Winslow Homer Painting for the Huntington

Winslow Homer, The Sutler's Tent, 1863. The Huntington Library, Art Museum, and Botanical Gardens, gift of the Ahmanson Foundation

The Ahmanson Foundation has funded the purchase of Winslow Homer's The Sutler's Tent for the Huntington. Though the painting is small (16-1/4 by 12 in), it fills a large hole in the Huntington's presentation of American art. It had no painting by Homer, often rated the quintessential American artist of his age, nor a direct depiction of the Civil War. The Sutler's Tent was created when Homer was a war artist for Harper's Weekly. Sutlers were civilians who sold supplies, food, and liquor to troops on the front line.  

Harper's Weekly (after Winslow Homer), Thanksgiving in Camp, November 29, 1862

Harper's Weekly reproduced Homer's war art as wood engravings. The Sutler's Tent is related to a Thanksgiving-themed illustration that ran in November 1862. That means the engraving came before the painting, dated 1863. The horizontal-format print shows many more figures than the painting and clearly shows the tent. (The signage confirms that the soldier at left center is eating half a pie, freehand.) The printed image was likely based on a drawing now at the National Gallery of Art, Sutler's Tent, Third Pennsylvania Cavalry. Homer evidently felt the tight cropping of the painting made a stronger composition. 

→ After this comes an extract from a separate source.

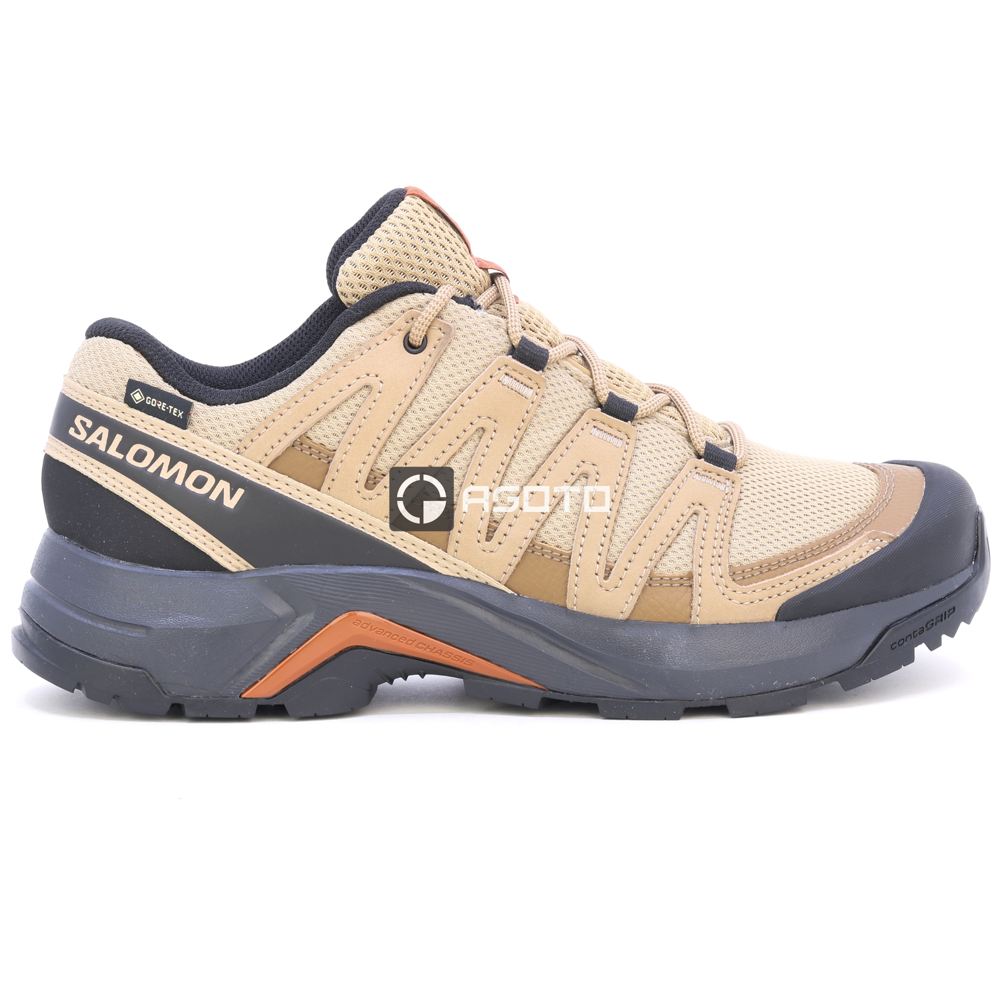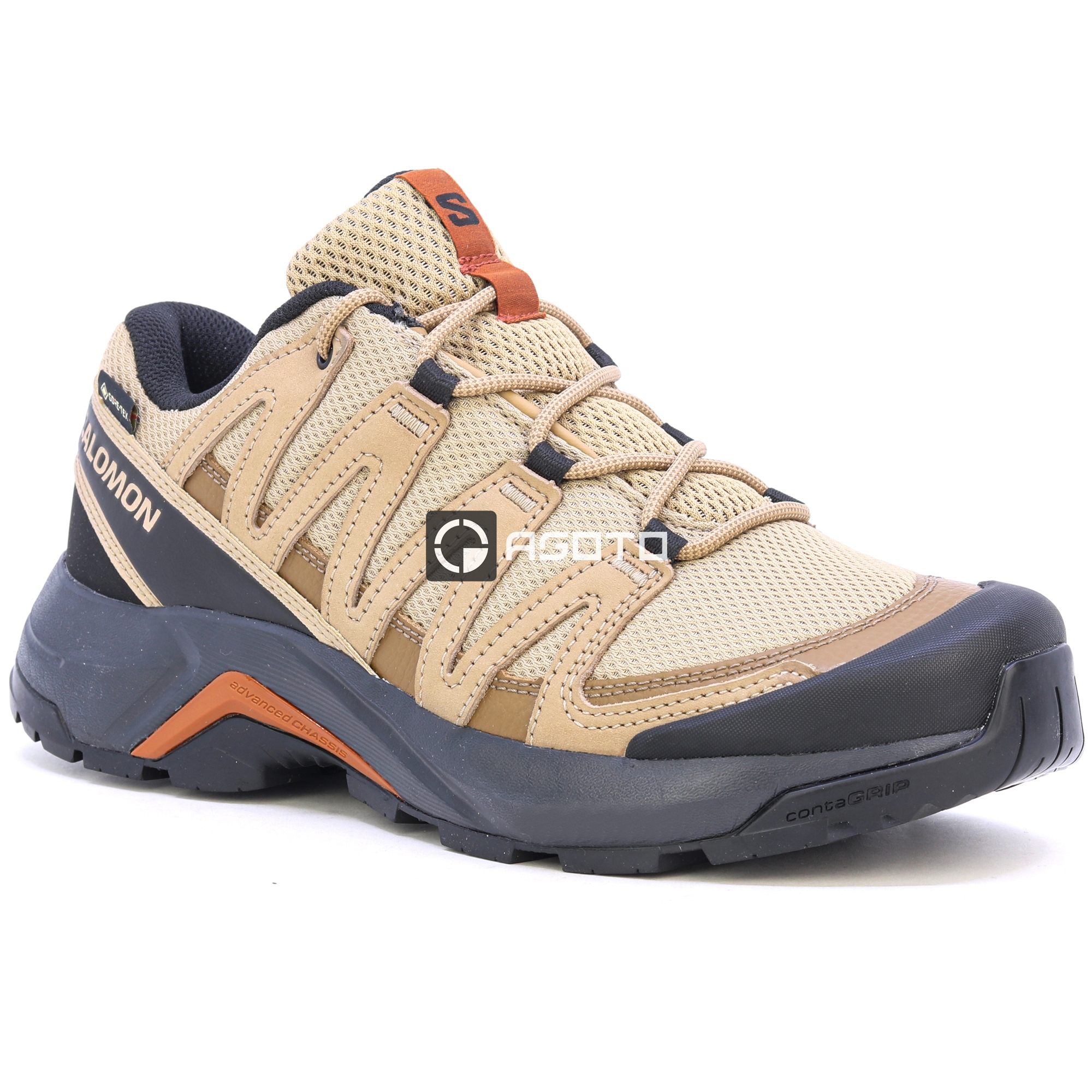 Die SALOMON X-Adventure Recon GTX Herrenschuhe in Beige sind die ideale Wahl für anspruchsvolle Geländetouren und alltägliche Outdoor-Abenteuer. Dank der Gore-Tex® Membran bieten sie zuverlässigen Schutz vor Nässe und gleichzeitig eine hohe Atmungsaktivität, sodass Ihre Füße auch bei schlechtem Wetter trocken bleiben. Die robuste Konstruktion und die verstärkte Zehenkappe schützen den Fuß vor Stößen, während die griffige Sohle Stabilität auf verschiedensten Untergründen gewährleistet – von felsigen Pfaden bis hin zu schlammigen Wegen. Der ergonomische Schnitt und die bequeme Dämpfung sorgen für maximalen Komfort, selbst bei langen Wanderungen.

Winslow Homer, Sutler's Tent, Third Pennsylvania Cavalry, 1862. National Gallery of Art

The Sutler's Tent was auctioned at Sotheby's New York in 1996 for $550,000. Two years later, a large Homer seascape, Lost on the Grand Banks—which had been on loan to LACMA—was sold privately to Bill Gates. The price was reportedly over $30 million, establishing a new price level for Homer and American paintings. 

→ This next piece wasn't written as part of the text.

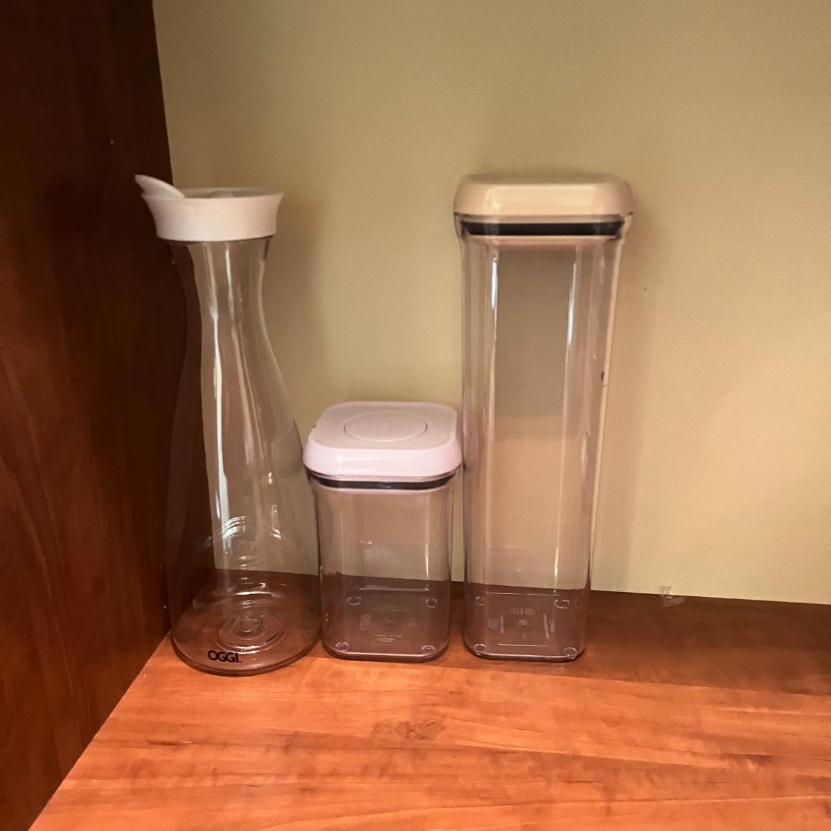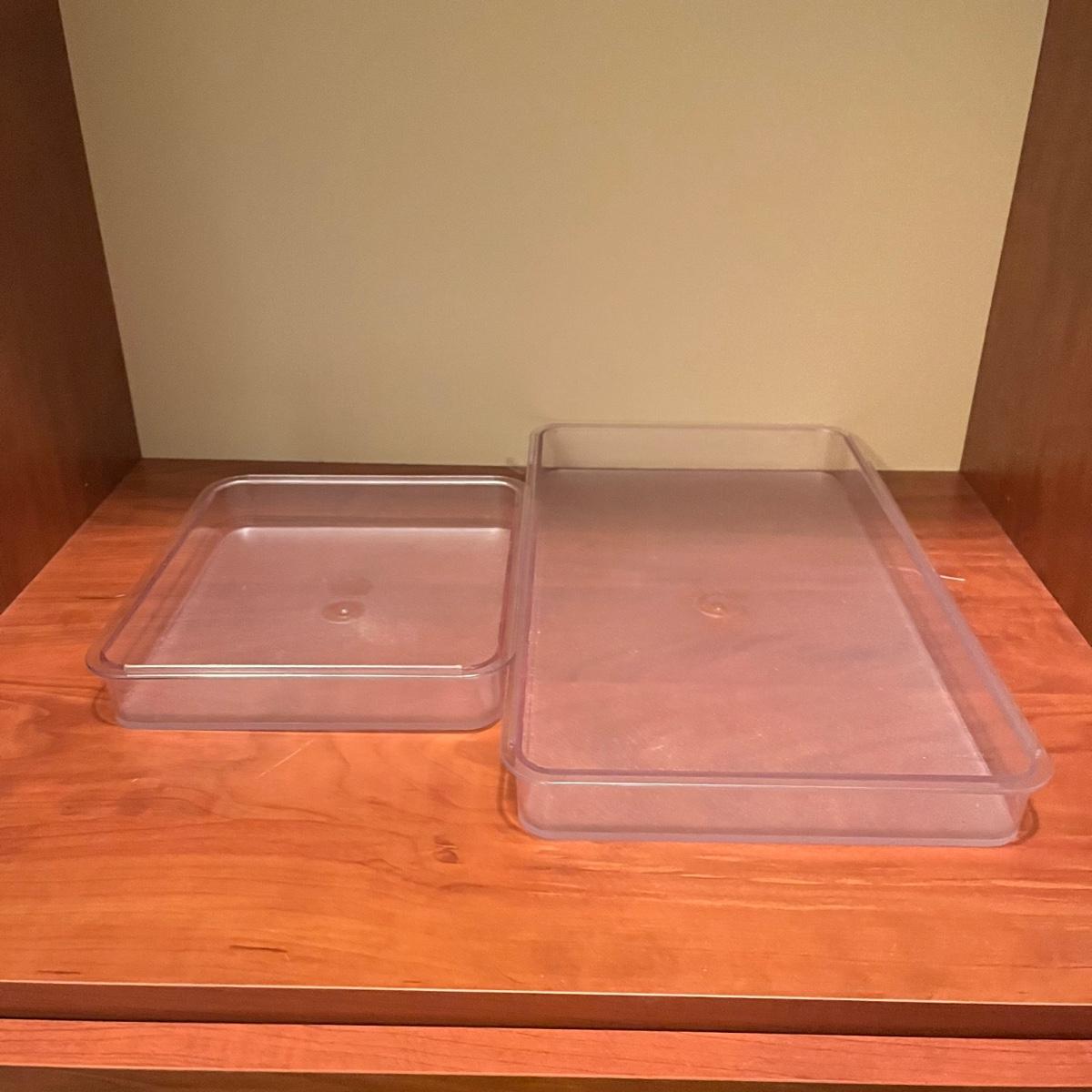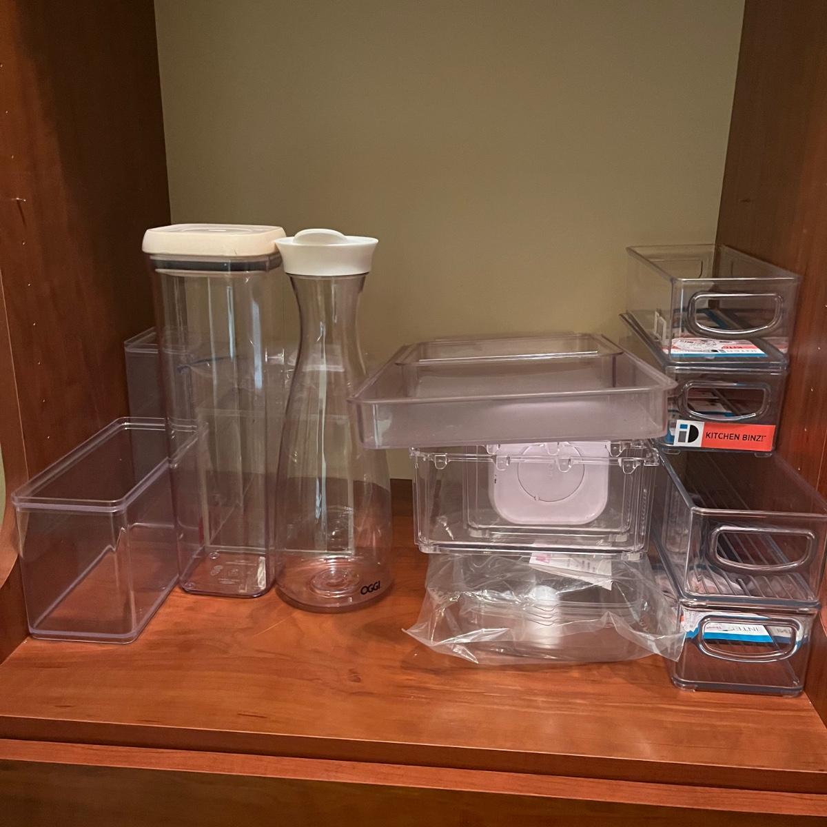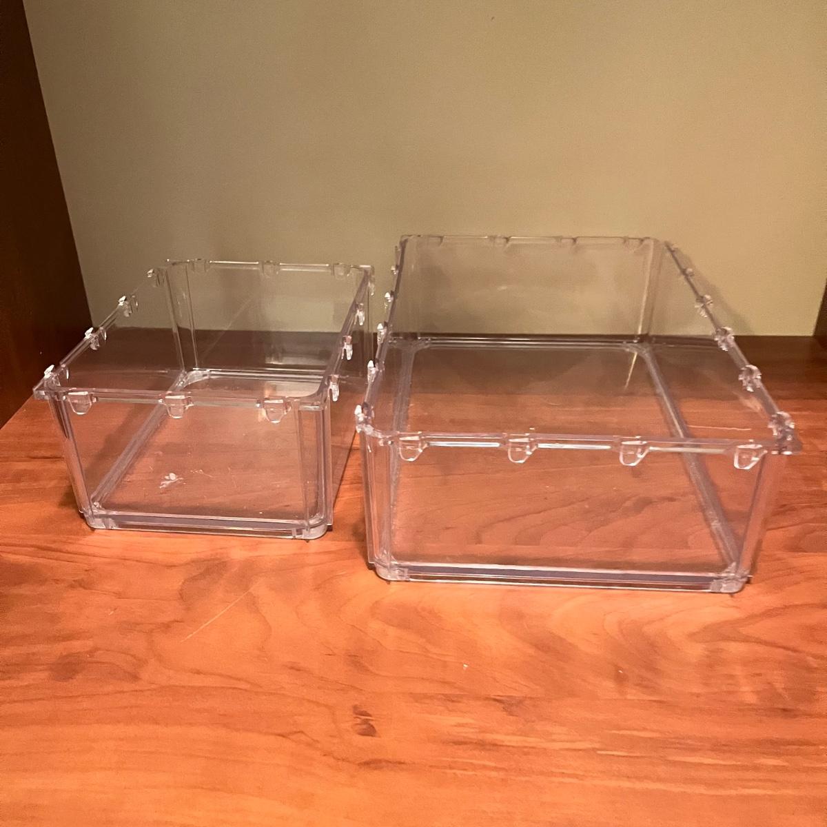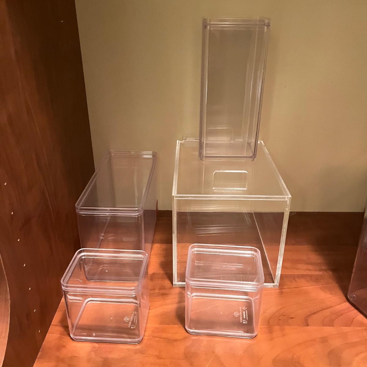 Lot includes a variety of storage containers in an assortment of sizes and shapes. Also includes acrylic box that measures 6” x 9” x 6”H.

Winslow Homer, Return of the Gleaner, 1867. Crystal Bridges Museum of American Art
Most Homer paintings have long been in East Coast museums. LACMA managed to buy a major Homer, The Cotton Pickers, in 1977. The Huntington, which opened its American galleries in 1984, has sometimes competed against Arkansas' richly funded Crystal Bridges Museum of American Art. Yet even with its Walmart cash, Crystal Bridges has managed to buy only one Homer painting, and it too is a modestly scaled work of the 1860s. Based on the images, I'd say the Huntington got the more compelling picture.

The Ahmanson has designated The Sutler's Tent as a gift in honor of the nation's 250th anniversary. It will go on display in the Virginia Steele Scott Galleries of American Art on Dec. 7th. There it will be a centerpiece of a room relating to the Civil War and reconstruction. Also on view will be French sculptor Jean-Baptiste Carpeaux's Why Born Enslaved! and a signed Emancipation Proclamation from the Huntington Library's large collection of Civil War material.

Detail of The Sutler's Tent

Comments

Anonymous said…
Wow! Amazing acquisition.
Anonymous said…
"Return of the Gleaner" (Crystal Bridges) is the better painting. It attests to Homer's encounter with the work of Millet (the Barbizon School). It may not be as "flashy" as the "Tent" painting, but that is the point (its descriptive restraint).

"Gleaner" also imports and translates for Americans the Barbizon theme of man against nature. That and the banded composition would come to characterize his best work after 1867, including "The Gulf Stream."

--- J. Garcin
Anonymous said…
> "Return of the Gleaner" (Crystal
> Bridges) is the better painting

Are we looking at the same artwork?

The face and upper part of the body don't seem well modeled. The face in particular is so tentatively done, I'd swear it's actually not been painted by Homer.

However, if "Return..." really is authentic, it must have been an off day for the guy.

LACMA has a really mediocre Homer too, the one given to the museum before the more recent one (from the 1980s, 1990s?). I believe the work shows the ocean, and the painting is so weak, it really should be treated as a study piece. Regrettably, since LACMA is a newbie, beggars can't be choosers. So maybe a weak Homer hanging next to a better Homer is better than just one Winslow alone?

The museum right now has a new listing of an upcoming impressionist show---hallelujah, it's not contemporary! Their website, however, features a work of a 2nd-tier French painter of the 19th century, which was donated to them last year. As with the Bridge's Winslow Homer, LACMA's impressionist-style painting by Jean Beraud is off---also because of not just the depiction of a face, but also what's supposed to be a metal tree guard of a Parisian street.